Creating symbolic debugging output, which allowed memory locations to be viewed by their programmer-assigned name, along with a program database showing the source code line related to every computer instruction in the binary executable, was provided for by the command line switch -Zi given to the compiler, and -CO given to the linker. Variants like -Zs and -Zd provided lesser information, and smaller output files which, during the early 1990s, were important due to limited machine resources, such as memory and hard disk capacity. Many systems in those days had 8MB of memory or less.

CodeView supported all program models, including TINY, SMALL, COMPACT, MEDIUM, LARGE and HUGE, with TINY (DOS-based .COM files) having their symbolic debugger information stored in a separate file, with all of the other .EXE formats containing the symbolic information directly inside the executable. This often introduced a notable size increase, and it therefore became desirable for some developers to use #pragma switches within their C (and later C++) source code to prevent the majority of the application from having symbolic output, and instead limiting that output to only those portions which required it for current debugging.
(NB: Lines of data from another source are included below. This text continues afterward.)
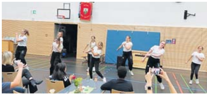
Die TV-Tanzformation „Wild fires“ begeisterte mit ihrem Auftritt beim Festnachmittag zum 125-jährigen Bestehen des TV Soden-Stolzenberg.
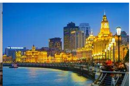
หาดไว่กาน
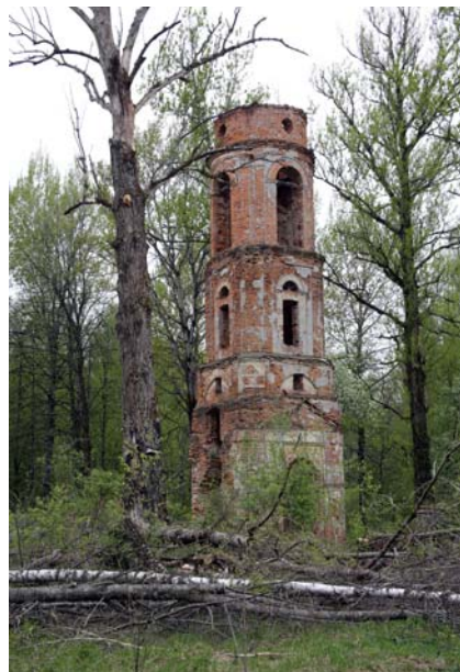
Вид на колокольню с юго-восточной стороны. Фото 2014 г.
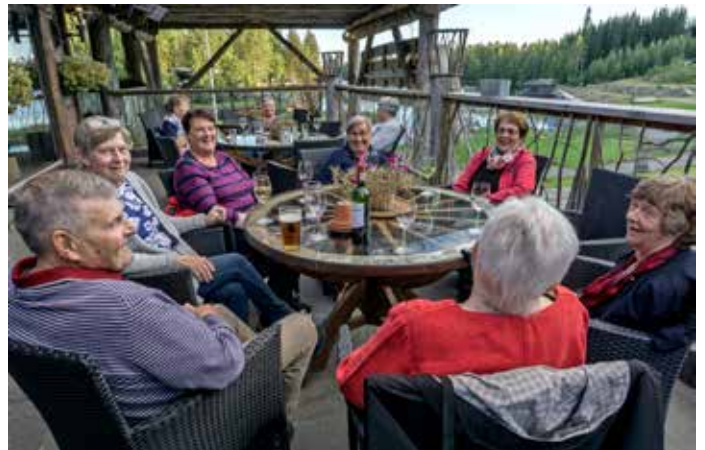
HakoApaja, Järvisydän. I glatt samspråk före middagen i Järvisydän. Tv. Nya Valamo kloster i Heinävesi. Lunch i Kenkävero.

CodeView version 3.x and 4.x introduced various transport layers, which removed some of the memory space limitations to this form of symbolic debugging. Typically the debugger would run in the lower 640KB memory space alongside the application being debugged, which greatly decreased the amount of memory available to the application being debugged. The transport layer allowed only a stub to exist in main memory, while the bulk of the debugger code resided in EMS or XMS (memory above the 1MB barrier, or outside of the normal 0KB - 640KB address space typically used by DOS programs). CodeView also came with a CVPACK command-line utility, which could reduce the size of the CodeView-generated information internally, while still retaining full symbolic access to data.

Microsoft released Visual C++ 1.0 with CodeView functionality integrated directly into a single programming environment, known as the Integrated Development Environment (IDE) -- though CodeView was still available in the 16-bit versions of Visual C++. QuickC and a number of other development tools in the 'Quick' series also supported this move to a single-source IDE, what became the precursor to the modern Visual Studio developer environment, as well as the model for countless other developer toolsets.

This integration was seen by many developers as a more natural way of developing software because both coding and debugging could be handled without switching programs or context, and all from the same logical location (even though internally many separate programs were running to support editing, compiler and debugging).

This integration was so popular that most development tools and/or platforms offer similar products or features. Today, the debugger is considered an integrated and essential part of the Microsoft Visual Studio family of products, and owes its true roots to CodeView, and the enhancements seen in version 4.x specifically.